EXERCISE DATA section start

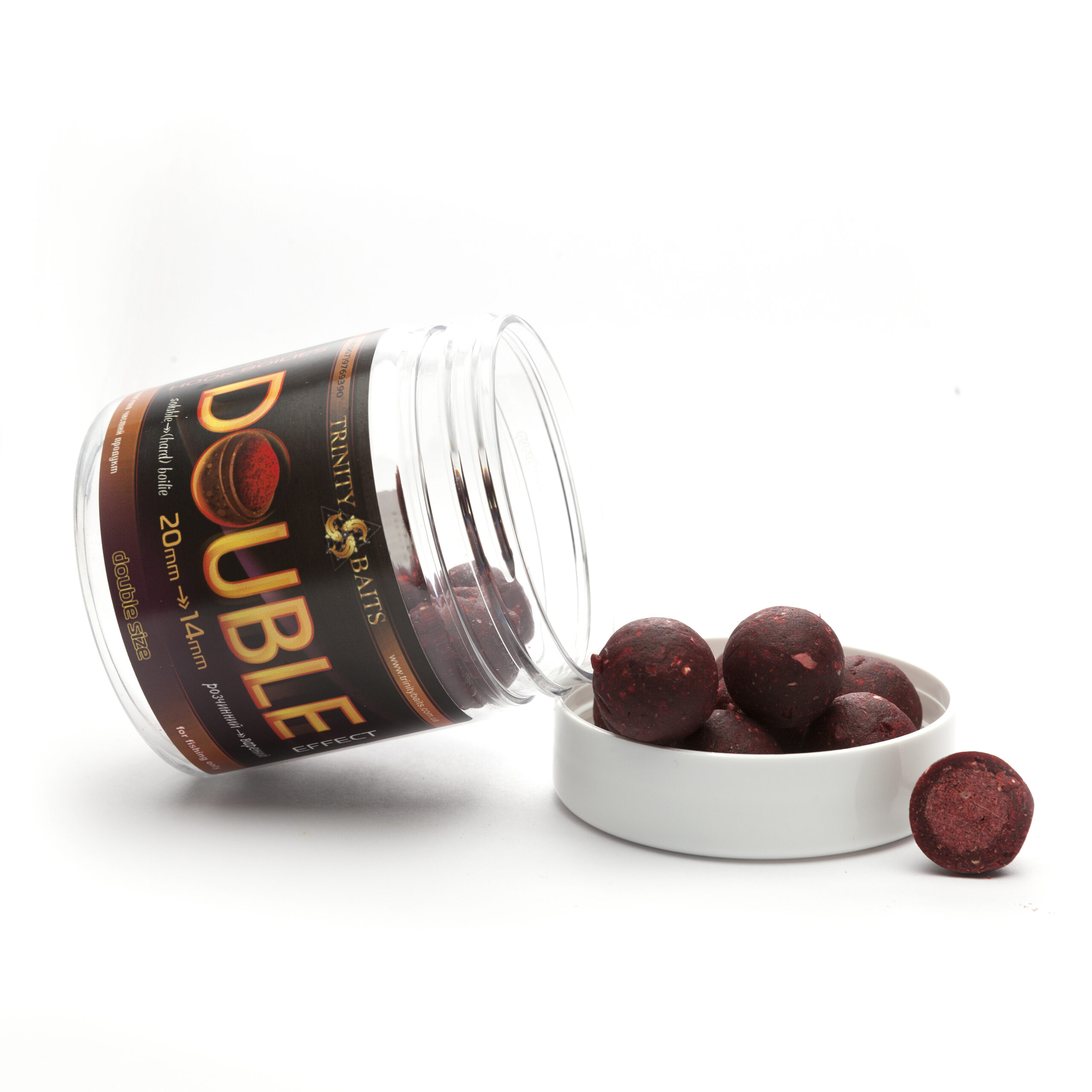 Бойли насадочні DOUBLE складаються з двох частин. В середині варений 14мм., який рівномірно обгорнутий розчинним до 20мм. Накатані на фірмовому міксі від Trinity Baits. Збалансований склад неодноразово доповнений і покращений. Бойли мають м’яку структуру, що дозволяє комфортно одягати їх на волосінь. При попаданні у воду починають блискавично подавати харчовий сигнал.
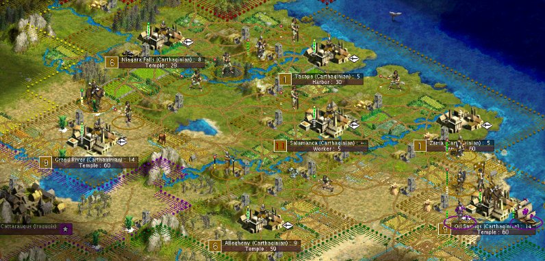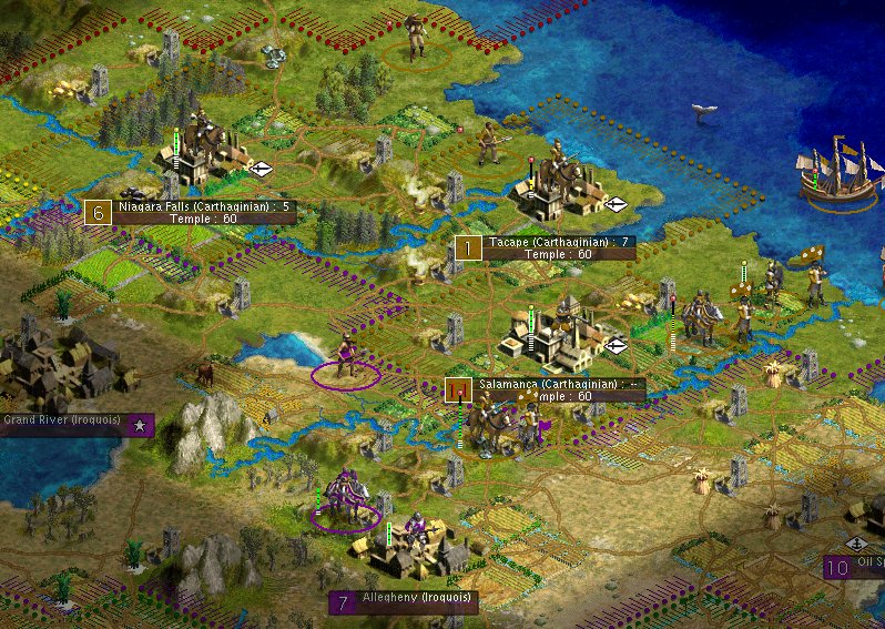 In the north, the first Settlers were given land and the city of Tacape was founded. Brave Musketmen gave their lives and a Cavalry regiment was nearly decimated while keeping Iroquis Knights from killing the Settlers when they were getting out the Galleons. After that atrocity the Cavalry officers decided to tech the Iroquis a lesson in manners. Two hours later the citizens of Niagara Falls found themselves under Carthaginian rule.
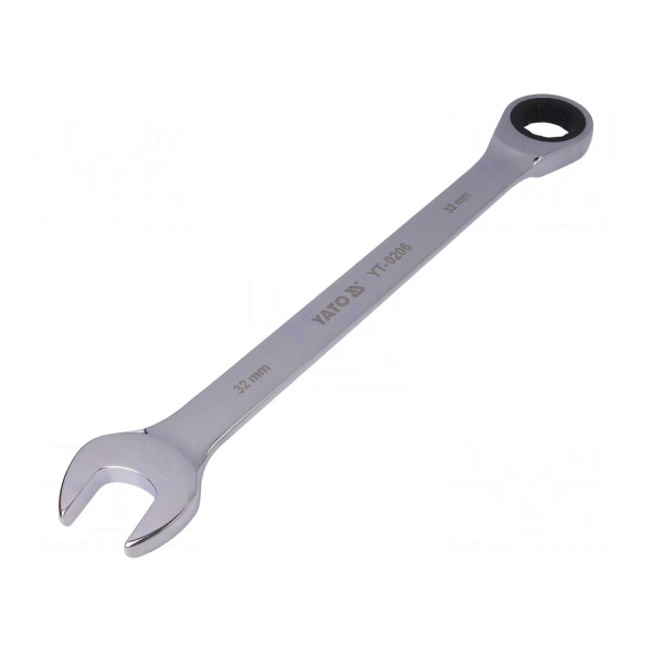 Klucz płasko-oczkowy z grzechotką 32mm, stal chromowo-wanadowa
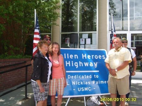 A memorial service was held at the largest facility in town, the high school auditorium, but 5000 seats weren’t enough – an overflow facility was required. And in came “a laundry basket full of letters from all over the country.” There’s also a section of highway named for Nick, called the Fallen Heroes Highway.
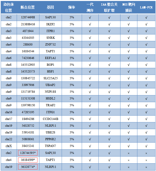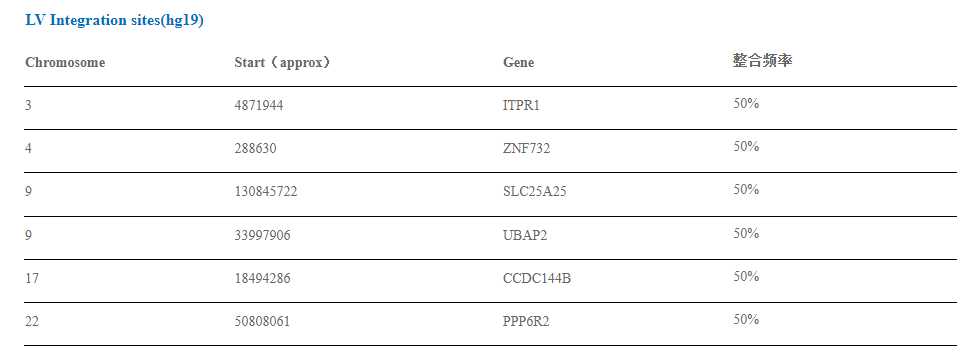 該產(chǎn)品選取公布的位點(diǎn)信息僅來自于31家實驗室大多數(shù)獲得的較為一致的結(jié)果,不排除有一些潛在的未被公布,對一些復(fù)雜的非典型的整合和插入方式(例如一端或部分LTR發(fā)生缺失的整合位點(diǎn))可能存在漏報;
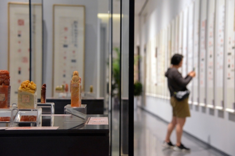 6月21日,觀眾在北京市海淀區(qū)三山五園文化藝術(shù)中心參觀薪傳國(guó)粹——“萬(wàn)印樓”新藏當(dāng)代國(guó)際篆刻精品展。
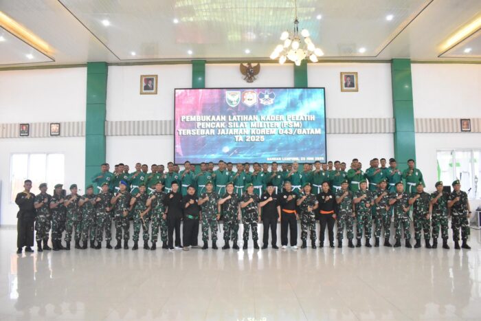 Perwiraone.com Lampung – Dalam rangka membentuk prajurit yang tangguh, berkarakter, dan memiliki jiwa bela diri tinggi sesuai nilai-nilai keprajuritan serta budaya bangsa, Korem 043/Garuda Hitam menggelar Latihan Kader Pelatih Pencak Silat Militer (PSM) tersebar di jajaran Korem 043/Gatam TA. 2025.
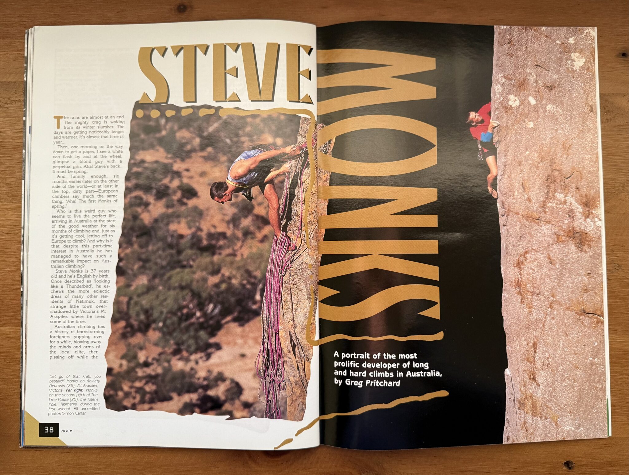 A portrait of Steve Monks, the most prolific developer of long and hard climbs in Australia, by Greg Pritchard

EXERCISE DATA section end
EXERCISE DATA section start

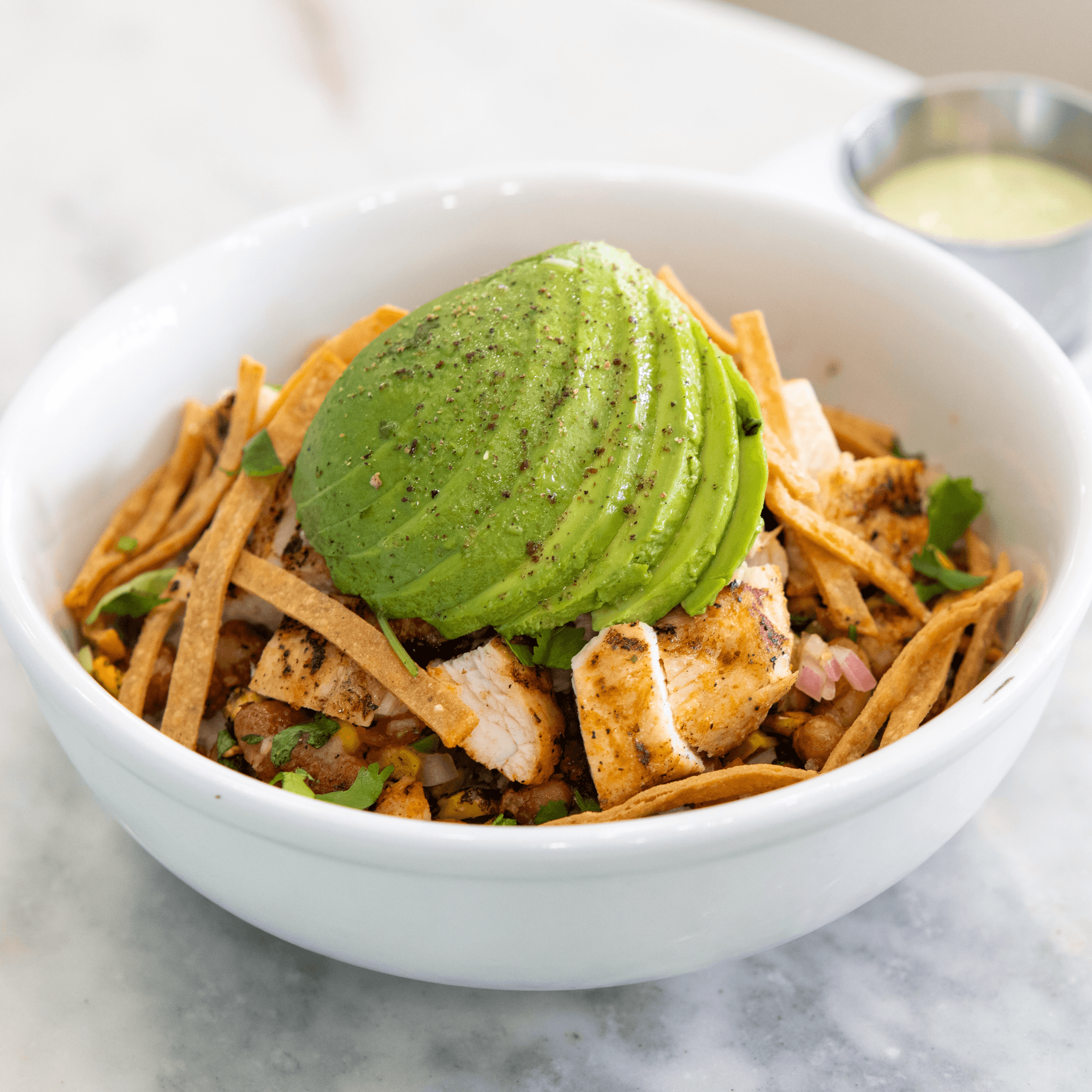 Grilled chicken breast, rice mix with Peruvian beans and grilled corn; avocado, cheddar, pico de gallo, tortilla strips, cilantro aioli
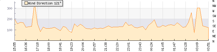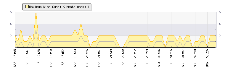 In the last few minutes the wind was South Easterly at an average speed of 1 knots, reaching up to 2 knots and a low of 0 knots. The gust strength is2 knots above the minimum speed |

EXERCISE DATA section end

- PROBLEM REQUIREMENTS:
Each line above from the one containing "Бойли насадочні DOUBLE" through the one containing "6月21日,觀眾在北京市海淀" is to be returned verbatim. Nothing else, and no pictures.

- ANSWER TO THE EXERCISE:
 Бойли насадочні DOUBLE складаються з двох частин. В середині варений 14мм., який рівномірно обгорнутий розчинним до 20мм. Накатані на фірмовому міксі від Trinity Baits. Збалансований склад неодноразово доповнений і покращений. Бойли мають м’яку структуру, що дозволяє комфортно одягати їх на волосінь. При попаданні у воду починають блискавично подавати харчовий сигнал.
 In the north, the first Settlers were given land and the city of Tacape was founded. Brave Musketmen gave their lives and a Cavalry regiment was nearly decimated while keeping Iroquis Knights from killing the Settlers when they were getting out the Galleons. After that atrocity the Cavalry officers decided to tech the Iroquis a lesson in manners. Two hours later the citizens of Niagara Falls found themselves under Carthaginian rule.
 Klucz płasko-oczkowy z grzechotką 32mm, stal chromowo-wanadowa
 A memorial service was held at the largest facility in town, the high school auditorium, but 5000 seats weren’t enough – an overflow facility was required. And in came “a laundry basket full of letters from all over the country.” There’s also a section of highway named for Nick, called the Fallen Heroes Highway.
 該產(chǎn)品選取公布的位點(diǎn)信息僅來自于31家實驗室大多數(shù)獲得的較為一致的結(jié)果,不排除有一些潛在的未被公布,對一些復(fù)雜的非典型的整合和插入方式(例如一端或部分LTR發(fā)生缺失的整合位點(diǎn))可能存在漏報;
 6月21日,觀眾在北京市海淀區(qū)三山五園文化藝術(shù)中心參觀薪傳國(guó)粹——“萬(wàn)印樓”新藏當(dāng)代國(guó)際篆刻精品展。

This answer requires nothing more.